In part due to the financial crisis, the slow-down of both the European and Chinese economies, coupled with increased energy efficiency and development of renewable technologies, demand in oil decreased whilst production continued to increase.

In November 2014, the members of OPEC met in Vienna to discuss a multilateral reduction of production in order to maintain the oil price and thus stability. Most countries maintained an interest in reduction; however Saudi Arabia blocked this motion, resulting in OPEC production levels being maintained.

This result came as a surprise globally, and as a result the oil price dropped further. In total, over a six month period the global oil price more than halved from 115 USD per barrel in July 2014 to 50 USD in January 2015.

Many members of OPEC, as well as oil-producing non-members such as Russia are experiencing difficulties as a result of falling oil prices: each country has an oil price under which it cannot survive. Venezuela, Algeria and Iran as well as Russia are particularly affected, and national spending will have to cut which may cause unrest in the long-term.

The rationale behind this strategy is believed to be twofold. In the 1980s, Saudi Arabia responded to a similar situation by reducing oil production; the sinking oil price however did not stop as a result, and consequently Saudi Arabia lost market share in global oil production. In addition, it is generally believed that Saudi Arabia wishes to reclaim its market share from the United States, which has been supported by fracking, a high-cost process. Through low oil prices, the use of shale oil fields would become unprofitable, leaving only production from conventional oilfields to be profitable.

In the 1970s, the United States enacted a law preventing the export of oil as a means of achieving oil independence: whereas the US in recent years became the world’s largest oil producer, it remained fairly insignificant in relation to world exporters. In January 2015, the United States lifted this law as a response to the falling oil price in order to retain market share. Many are however concerned this will continue to flood the global oil market, thus exacerbating the problem.

The question remains what the future is for the oil price. As the equilibrium of supply and demand has been tipped resulting in excess supply, the oil price will only be stabilised when either demand increases to meet supply, or when supply decreases to meet demand.
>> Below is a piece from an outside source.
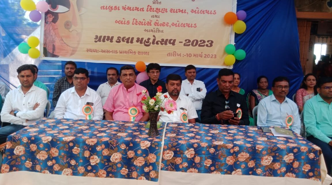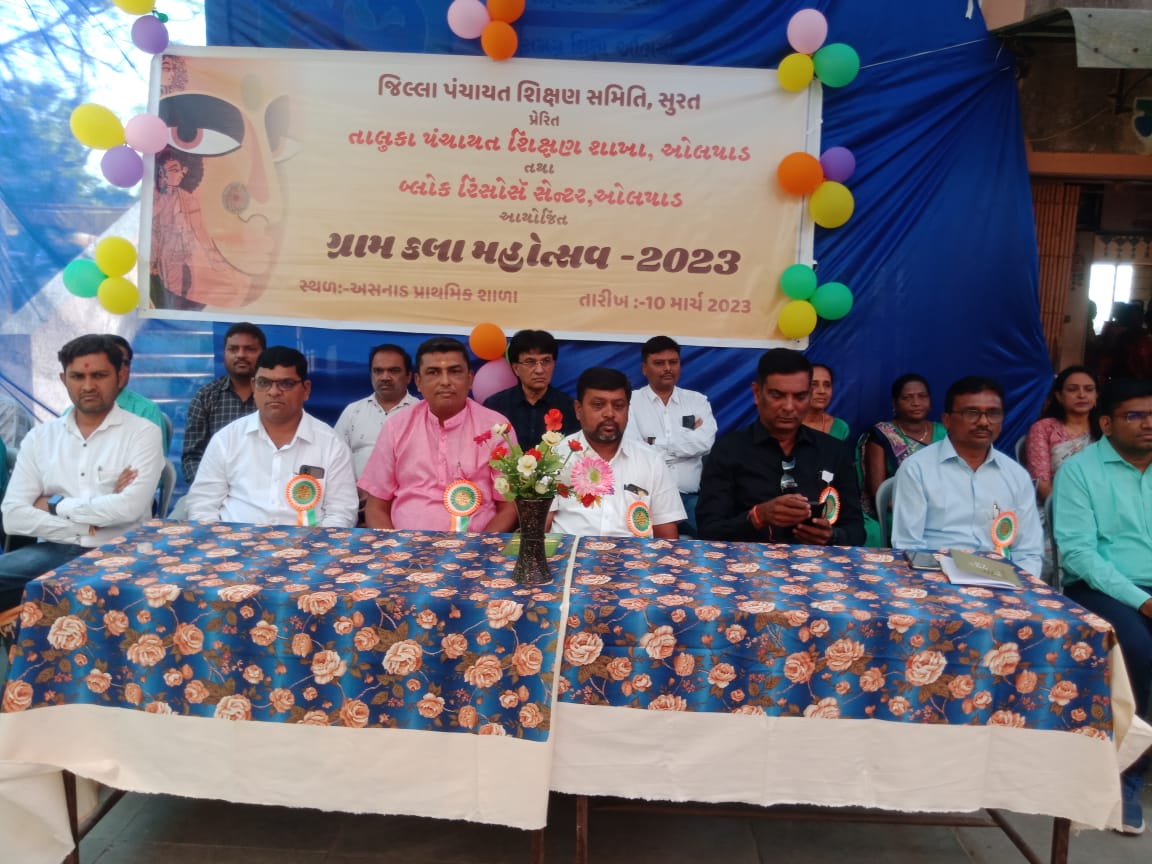 જિલ્લા પંચાયત શિક્ષણ સમિતિ, સુરત પ્રેરિત તાલુકા પંચાયત, ઓલપાડ તથા બ્લોક રિસોર્સ સેન્ટર, ઓલપાડ આયોજિત ગ્રામ્ય કલા મહોત્સવ-૨૦૨૩ નું ભવ્ય આયોજન જિલ્લા પંચાયત શિક્ષણ સમિતિ, સુરત સંચાલિત અસનાડ પ્રાથમિક શાળા ખાતે કરવામાં આવ્યું હતું. કલા, સાહિત્ય અને સંસ્કૃતિ ક્ષેત્રે આગવી ઓળખ ધરાવતાં બાળકોની સુષુપ્ત શક્તિઓને ખીલવવા તેમજ ગ્રામ્ય કલા વારસાને જીવંત રાખવાનાં શુભ હેતુસર યોજાયેલ આ કાર્યક્રમમાં તાલુકા પંચાયતનાં પ્રમુખ અમિતભાઈ પટેલ, સામાજિક ન્યાય સમિતિ અધ્યક્ષ કિશોરભાઇ રાઠોડ, તાલુકા પંચાયતનાં સદસ્ય જિજ્ઞેશભાઇ પટેલ, ગામનાં સરપંચ શ્રીમતી રાધાબેન રાઠોડ, સુરત જિલ્લા પ્રાથમિક શિક્ષક સંઘનાં પ્રમુખ કિરીટભાઈ પટેલ, તાલુકા પ્રાથમિક શિક્ષક સંઘનાં પ્રમુખ બળદેવભાઈ પટેલ તથા હોદ્દેદારો, લુના કેમિકલનાં મેનેજર એ.કે.સિંઘ ઉપરાંત મોટી સંખ્યામાં સ્પર્ધક બાળકો, સારસ્વતમિત્રો તેમજ ગ્રામજનો ઉપસ્થિત રહયા હતાં.

Four scenarios will likely cause the rebalance of the macroeconomic equilibrium:

  1. Conflict further affects oil producing countries. This would reduce global supply; this is difficult to predict, however the current conflict with ISIS may reduce the oil-producing potential of affected countries.
  2. OPEC multilaterally reduces oil production. This scenario depends on the will of Saudi Arabia; based on statements made by King Salman, the successor of King Abdullah, current policy will not be changed at least for the short-term.
  3. Global production decreases. With current oil prices, many oil fields are unsustainable in the long-term. Even well-established drilling companies are feeling the effects, cutting or freezing wages, reducing jobs and mothballing more expensive projects. Fracking projects are proving unsustainable, discouraging further investment.
  4. Global increase in demand. This would most likely be driven by a significant increase in the economy, driving the consumption of oil. Given the adoption of energy efficient and environmentally friendly solutions, demand would unlikely reach pre-2000 levels for a long time.

The most likely reason for a future oil price increase will be a combination of several of the above scenarios.

Who will then benefit from the low oil price? Countries with strong agricultural backgrounds, in particular the developing world, transportation companies, the private individual and the world economy stand to benefit. The reduction of state subsidies on fuels will free up government spending and inflation will decrease; however this may encourage deflation. The low oil price gives governments the opportunity to implement major policies which will encourage energy efficiency and energy security. The global economy may even be kick-started into growth.

Please note that the views expressed are those of the author and do not necessarily represent or reflect the views of Munich European Forum e.V.